Lapid avait déjà commis une erreur d’interférence en soutenant le candidat Macron aux élections présidentielles de 2017.
Macron recherche un processus diplomatique « nouveau et original ». Une initiative audacieuse qui ramènera la France sur le devant de la scène internationale et de l’activité politique au Moyen-Orient.
Depuis le retrait du président Donald Trump de l’accord nucléaire JCPOA le 8 mai 2018 et la reprise de sévères sanctions contre l’Iran, le président Macron s’était lancé dans une nouvelle offensive diplomatique. Le Sommet du G7 qui s’est tenu récemment lui a offert une bonne occasion de soulever l’avenir du projet nucléaire iranien et de lever les sanctions.

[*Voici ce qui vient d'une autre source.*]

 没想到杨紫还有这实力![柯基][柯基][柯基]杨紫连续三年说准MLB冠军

La France craint que l’isolement de l’Iran sur la scène internationale ne durcisse sa position, ce qui pourrait compliquer encore la situation géopolitique en Syrie, en Irak et au Yémen. Elle craint également que les relations plus étroites entre l’Arabie saoudite et Israël ne conduisent à un futur affrontement militaire avec l’Iran.

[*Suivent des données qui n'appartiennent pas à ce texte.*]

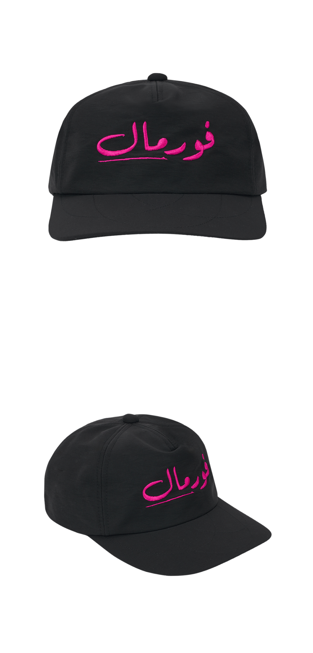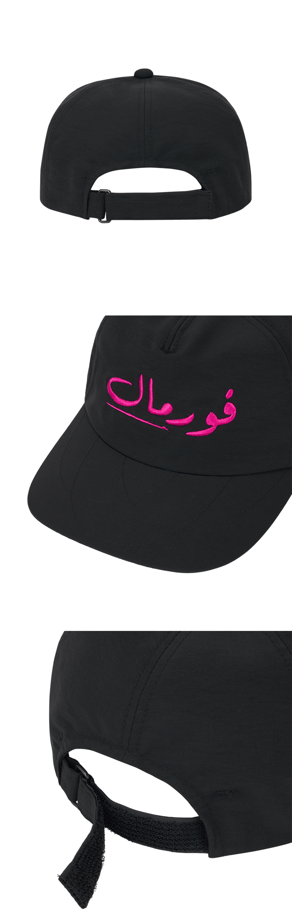 람로프 아라빅 포멀 캡 블랙입니다. - 브랜드명 LAMROF(Formal의 역철자)를 아라비아어로 자수한 디자인 - 블랙 바탕에 핑크 자수로 강렬한 대비감 - 모자챙의 원형 스티치 자수 디테일 포인트 - 깊은 6패널 실루엣로 안정적인 착용감

Toutefois, il ne fait aucun doute que la principale motivation du président Macron est économique et la préservation des intérêts de la France.
Sur le dossier libanais, la France fait la distinction nette entre « le Hezbollah politique » et sa « branche militaire ». Elle ne pense pas qu’il soit possible de désarmer le Hezbollah car les chiites font partie d’un gouvernement multiconfessionnel. Paris s’inquiète de l’instabilité et de la crise économique au Liban et de l’effondrement de son système bancaire. La France s’efforce d’empêcher une nouvelle guerre civile dans le pays du Cèdre. Cette préoccupation concerne non seulement l’avenir du Liban, mais également le fait qu’une guerre civile entraînerait un nouvel afflux massif de centaines de milliers d’immigrés sur le territoire français.

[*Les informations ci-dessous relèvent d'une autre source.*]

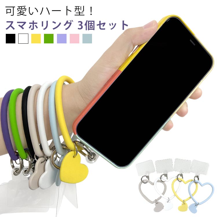 スマホストラップ スマホリング ホールドリング スマホリングストラップ スマホ 挟むだけ 手首 3個セット ストラップ リング ハート 可愛い ハー シリコンリング

Enfin, nous devrions reconnaître que durant le premier mandat d’Emanuel Macron les relations bilatérales se sont améliorées dans tous les domaines et elles demeurent au beau fixe. Contrairement à ses prédécesseurs, Macron n’a pas provoqué de crise inutile entre Jérusalem et Paris.
Nous espérons que le président français poursuivra cette politique amicale et continuera à lutter contre la délégitimation et tous les boycottages, notamment contre le BDS.
Nous souhaitons toujours un changement positif de la part de la France concernant le conflit avec les Palestiniens et sur la menace iranienne. Nous lui demandons aussi de faire des gestes concrets et légitimes comme une reconnaissance de Jérusalem et des frontières défendables pour l’Etat Juif.